Nothing but the lines below from the one that contains "Next on the" through the one that contains "Brigue o seu" should be retyped, exactly and including both ends. Do not include pictures.

┌─ Records for this exercise

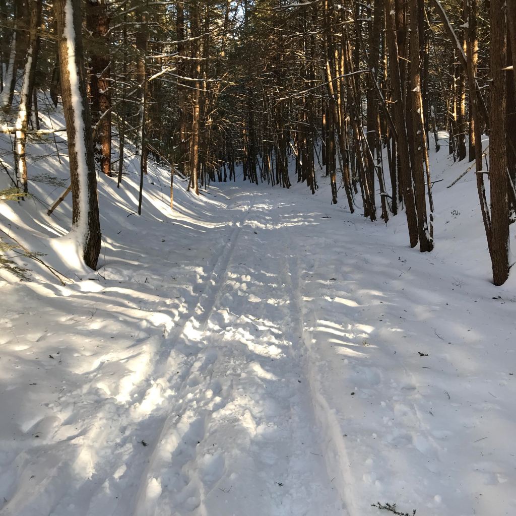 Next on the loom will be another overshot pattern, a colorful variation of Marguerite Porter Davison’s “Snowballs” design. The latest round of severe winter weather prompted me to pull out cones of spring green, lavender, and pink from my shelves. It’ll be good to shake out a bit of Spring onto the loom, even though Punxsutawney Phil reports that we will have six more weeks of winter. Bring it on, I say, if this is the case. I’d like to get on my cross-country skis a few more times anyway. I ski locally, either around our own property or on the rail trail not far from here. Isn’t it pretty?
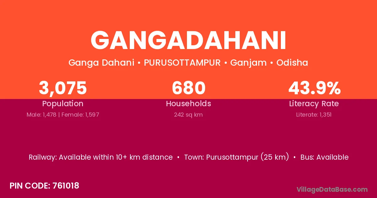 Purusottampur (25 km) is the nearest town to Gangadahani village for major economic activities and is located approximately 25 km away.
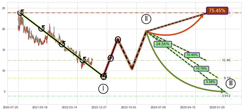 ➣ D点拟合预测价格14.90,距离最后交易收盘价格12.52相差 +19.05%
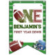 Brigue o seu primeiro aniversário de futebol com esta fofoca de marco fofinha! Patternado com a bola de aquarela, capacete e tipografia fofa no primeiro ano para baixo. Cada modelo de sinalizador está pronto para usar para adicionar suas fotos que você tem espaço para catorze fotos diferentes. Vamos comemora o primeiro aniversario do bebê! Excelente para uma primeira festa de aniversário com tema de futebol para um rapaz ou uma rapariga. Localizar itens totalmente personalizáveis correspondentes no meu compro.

└─
┌─ Records for this exercise

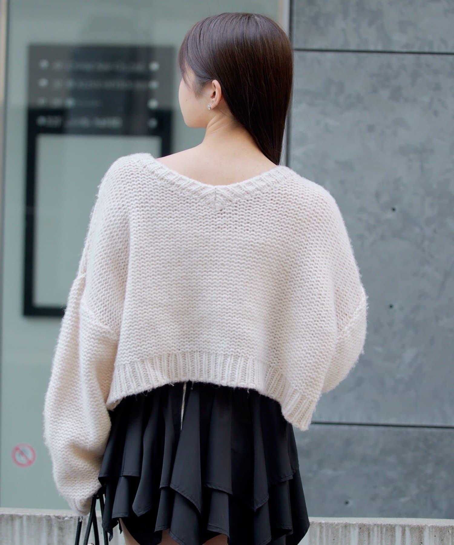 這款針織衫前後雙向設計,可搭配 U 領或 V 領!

└─
┌─ Records for this exercise

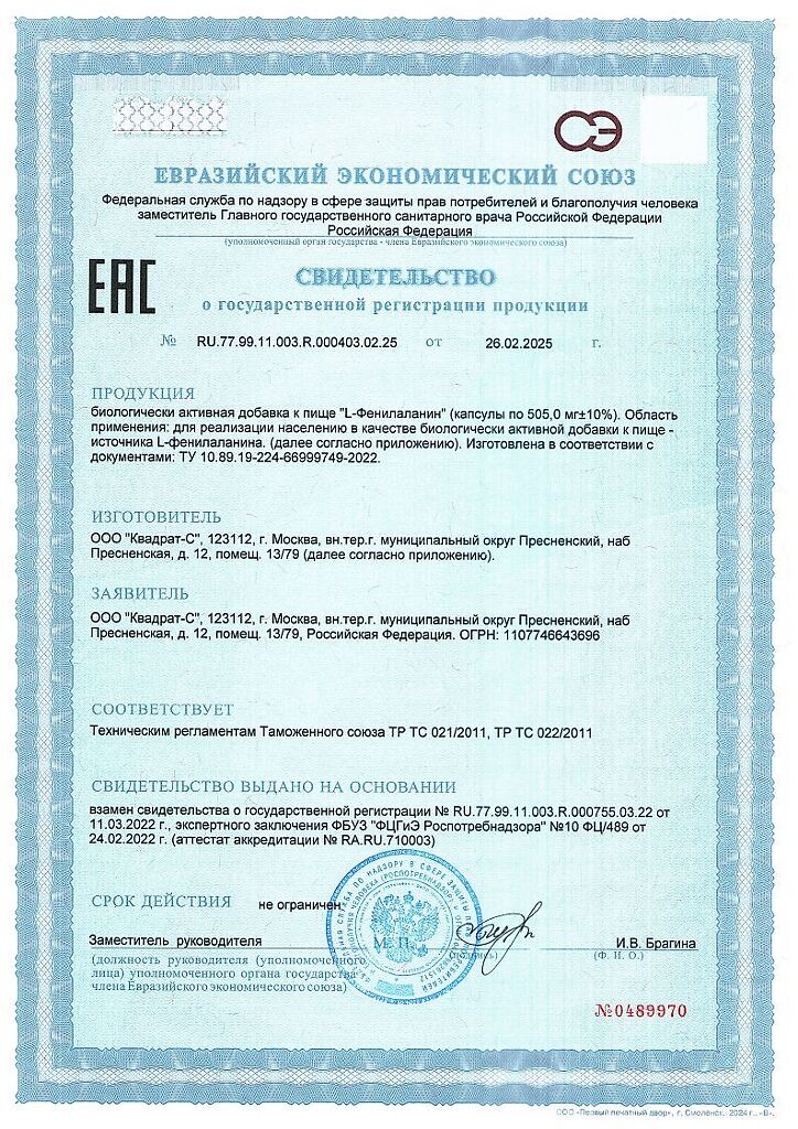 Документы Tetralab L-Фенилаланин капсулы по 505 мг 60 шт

└─

Written response:
 Next on the loom will be another overshot pattern, a colorful variation of Marguerite Porter Davison’s “Snowballs” design. The latest round of severe winter weather prompted me to pull out cones of spring green, lavender, and pink from my shelves. It’ll be good to shake out a bit of Spring onto the loom, even though Punxsutawney Phil reports that we will have six more weeks of winter. Bring it on, I say, if this is the case. I’d like to get on my cross-country skis a few more times anyway. I ski locally, either around our own property or on the rail trail not far from here. Isn’t it pretty?
 Purusottampur (25 km) is the nearest town to Gangadahani village for major economic activities and is located approximately 25 km away.
 ➣ D点拟合预测价格14.90,距离最后交易收盘价格12.52相差 +19.05%
 Brigue o seu primeiro aniversário de futebol com esta fofoca de marco fofinha! Patternado com a bola de aquarela, capacete e tipografia fofa no primeiro ano para baixo. Cada modelo de sinalizador está pronto para usar para adicionar suas fotos que você tem espaço para catorze fotos diferentes. Vamos comemora o primeiro aniversario do bebê! Excelente para uma primeira festa de aniversário com tema de futebol para um rapaz ou uma rapariga. Localizar itens totalmente personalizáveis correspondentes no meu compro.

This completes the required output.